*** PROVIDED DATA Section Begins ***

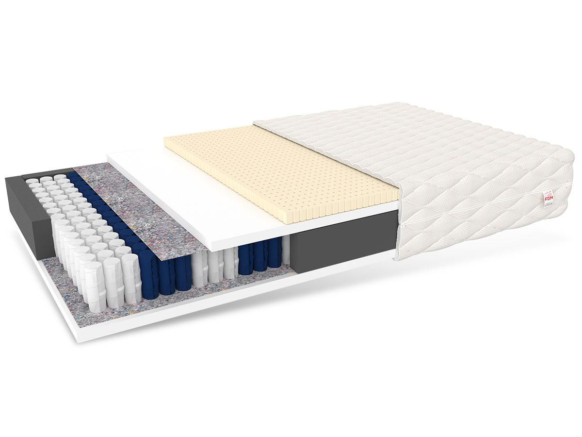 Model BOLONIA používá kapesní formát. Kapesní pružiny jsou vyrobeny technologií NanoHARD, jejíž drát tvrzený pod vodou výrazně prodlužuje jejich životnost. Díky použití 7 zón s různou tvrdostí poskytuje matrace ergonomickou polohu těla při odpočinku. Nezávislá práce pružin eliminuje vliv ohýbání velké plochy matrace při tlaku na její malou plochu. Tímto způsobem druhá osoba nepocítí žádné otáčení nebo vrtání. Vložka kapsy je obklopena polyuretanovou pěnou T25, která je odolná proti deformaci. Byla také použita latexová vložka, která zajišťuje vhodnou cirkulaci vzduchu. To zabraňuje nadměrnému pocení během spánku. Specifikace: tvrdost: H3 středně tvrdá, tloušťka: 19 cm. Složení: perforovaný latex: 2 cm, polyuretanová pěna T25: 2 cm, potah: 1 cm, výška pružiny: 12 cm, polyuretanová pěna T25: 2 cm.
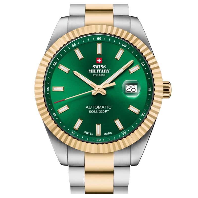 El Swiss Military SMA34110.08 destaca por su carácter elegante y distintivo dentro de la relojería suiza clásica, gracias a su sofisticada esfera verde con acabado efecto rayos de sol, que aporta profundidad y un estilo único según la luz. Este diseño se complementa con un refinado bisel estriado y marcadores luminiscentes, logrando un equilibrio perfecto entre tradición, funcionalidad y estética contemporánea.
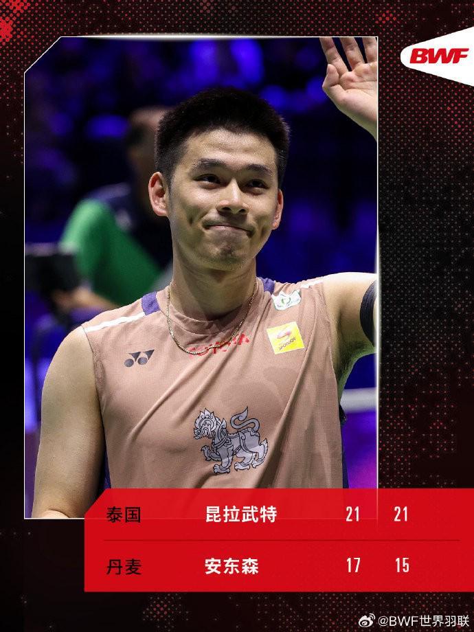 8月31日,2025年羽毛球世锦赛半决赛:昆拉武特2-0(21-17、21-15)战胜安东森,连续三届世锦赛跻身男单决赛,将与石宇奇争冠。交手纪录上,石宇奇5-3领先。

*** PROVIDED DATA Section Ends ***
*** PROVIDED DATA Section Begins ***

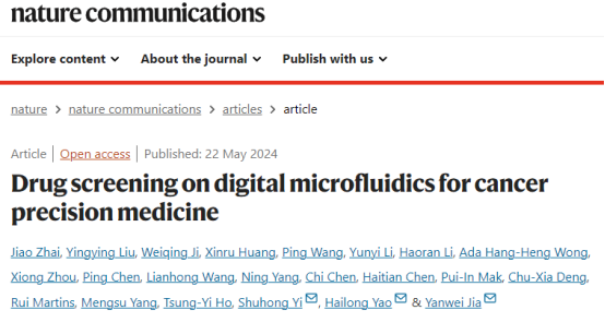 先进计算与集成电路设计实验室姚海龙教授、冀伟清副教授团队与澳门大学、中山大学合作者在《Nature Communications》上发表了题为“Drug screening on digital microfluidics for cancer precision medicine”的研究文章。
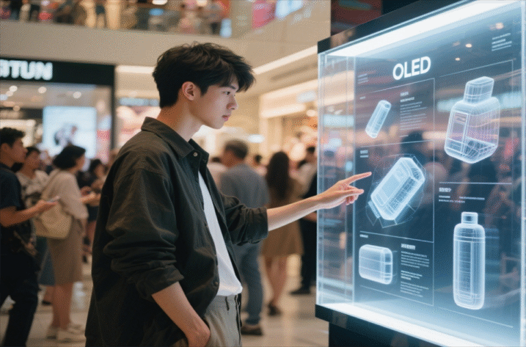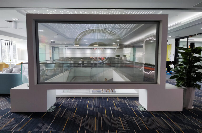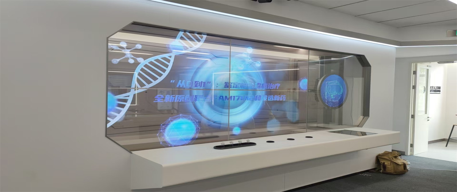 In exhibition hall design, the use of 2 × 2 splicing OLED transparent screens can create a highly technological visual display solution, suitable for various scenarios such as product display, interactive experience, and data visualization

*** PROVIDED DATA Section Ends ***

• ASSIGNMENT:
Could the stretch from the line with "screening on digital" through the line with "In exhibition hall" in the listing above be restated word for word, minus the pictures?

• WRITTEN ANSWER:
 先进计算与集成电路设计实验室姚海龙教授、冀伟清副教授团队与澳门大学、中山大学合作者在《Nature Communications》上发表了题为“Drug screening on digital microfluidics for cancer precision medicine”的研究文章。
 In exhibition hall design, the use of 2 × 2 splicing OLED transparent screens can create a highly technological visual display solution, suitable for various scenarios such as product display, interactive experience, and data visualization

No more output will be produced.